Nehmen wir zur Illustration den Werturteilstreit der Max-Weber-Generation, der die Medien bis heute prägt. Hohe Wissenschaft hat nur mit dem zu tun, was ist. Was sein soll, ist unter ihrer Würde. Mit anderen Worten: Wissenschaftler haben Wissenschaft zu treiben, Politik hat nichts in den Hallen des Geistes zu suchen. Just so sehen sich die heutigen Medien, die sich unwissentlich als Erben der praxis- und moralfernen Faktenerkenntnis darstellen.

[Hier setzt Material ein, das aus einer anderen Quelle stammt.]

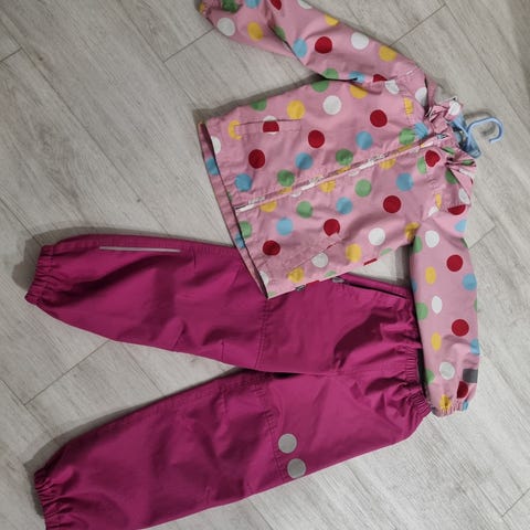 Lämmin takki, ihana kuosi, ei läpäise vettä. Käytönjälkiä, pienet reiät hihansuissa korjattu sekä takana purkautunut ommel korjattu. Ei näy vauhdissa. Vetoketju toimii.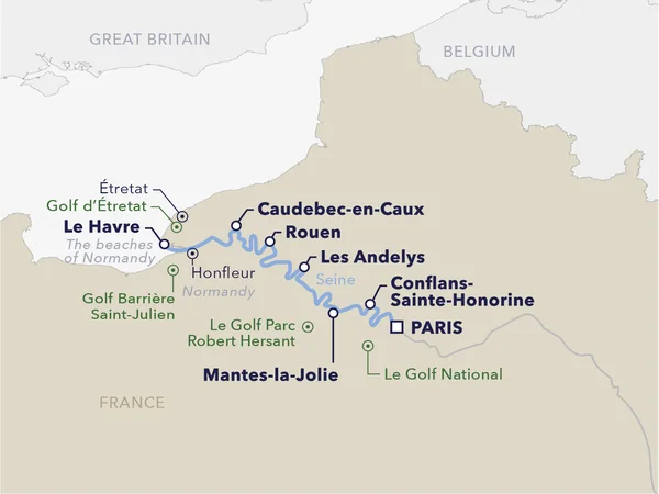 Arrive in Conflans, at the confluence of the Oise and the Seine Rivers. In the morning, you are transferred to the famous Le Golf National Club, which is situated southwest of Paris in Saint-Quentin-en-Yvelines, near the Palace of Versailles. At this legendary golf club you will be able to play the Aigle course, which is maintained at the same impeccable levels as its sister course, the Albatros. A delicious dinner awaits you back on board while your ship continues its journey down the Seine.

Der Werturteilstreit stammt aus der kaiserlichen Zeit, in der 99% der Gelehrten keine Demokraten waren. Das setzte sich über die Weimarer Zeit bis ins Dritte Reich fort. Theoretische Vernunft hatte nichts mit der praktischen zu tun, was bedeutete: die Intelligenz fühlte sich zuständig für Erkenntnisse, aber nicht für die Übersetzung derselben in politisches Tun.

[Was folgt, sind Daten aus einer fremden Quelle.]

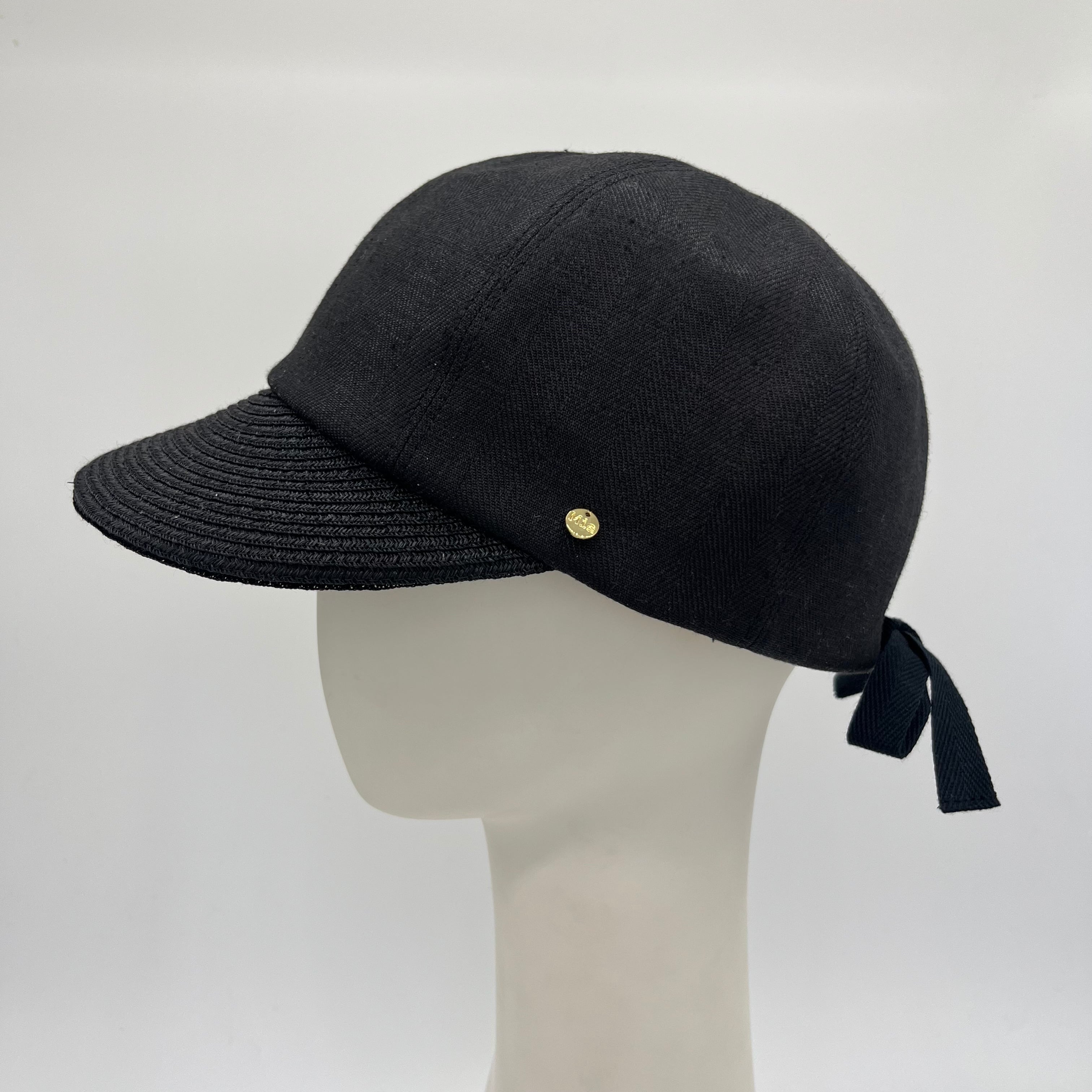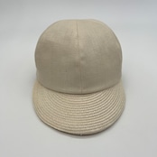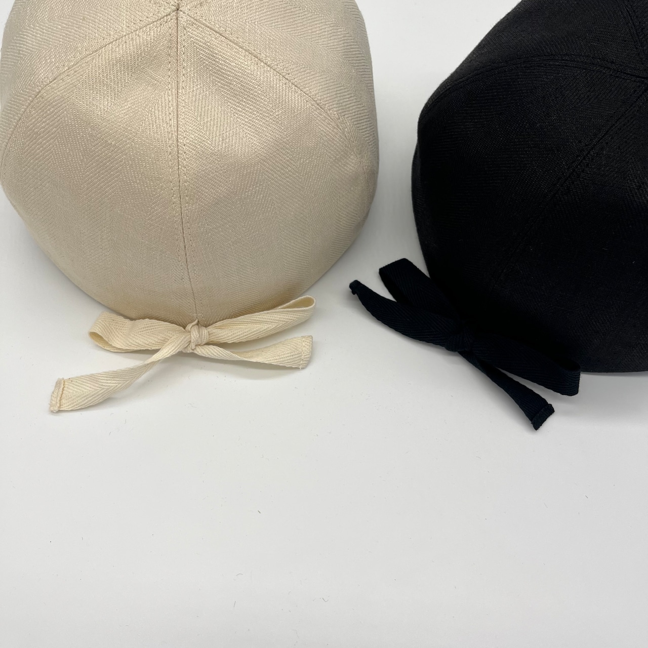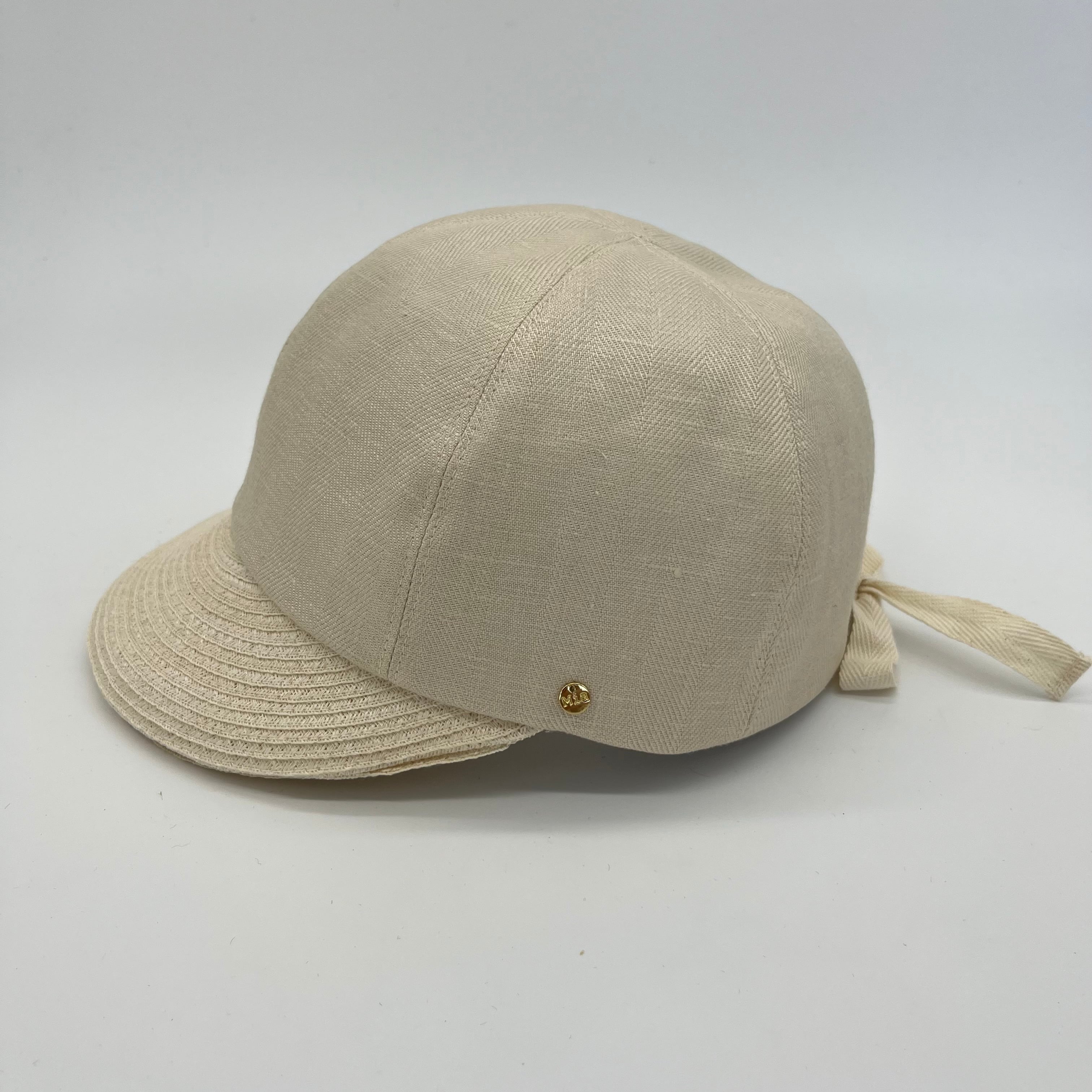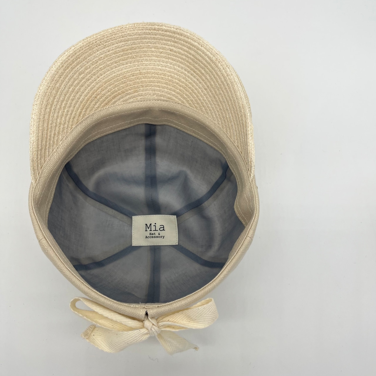 リネンと麻ブレードのブリムを合わせました。スポーティーすぎず、女性らしく被れるキャップを目指しました。

Seitdem die erste Leidenschaft junger Dichter und Denker für die Französische Revolution erlosch und politisches Tun sich in die Kunst flüchtete und verdampfte, war Kants Einheit der Vernunft gespalten. Geistig konnte man brillieren, aber für die Gestaltung des Alltags war der Geist nicht zuständig.

Max Weber übernahm Goethes Diktum: „Der Handelnde ist immer gewissenlos; es hat niemand Gewissen als der Betrachtende.“ Das führte zur Spaltung der Vernunft. Als private Personen konnten sie hochmoralisch sein (wie Weber), aber als politisch Denkende bevorzugten sie den amoralischen Machiavellismus, der alle Mittel absegnete, die zu einem erwünschten Macht-Ziel führten.

Vernunft wurde aus der Politik ausgeschlossen. Als Mittel demokratischer Verständigung taugte sie nichts. Jeder Mensch folgt seinem eigenen Gott, der mit fremden Göttern unvereinbar ist:

„Wie man es machen will, „wissenschaftlich“ zwischen dem Wert der französischen und deutschen Kultur zu entscheiden, weiß ich nicht. Hier streiten eben auch verschiedene Götter miteinander, und zwar für alle Zeit. Über diesen Göttern und ihrem Kampf waltet das Schicksal, aber ganz gewiss keine „Wissenschaft“.“ (Weber, Wissenschaft als Beruf)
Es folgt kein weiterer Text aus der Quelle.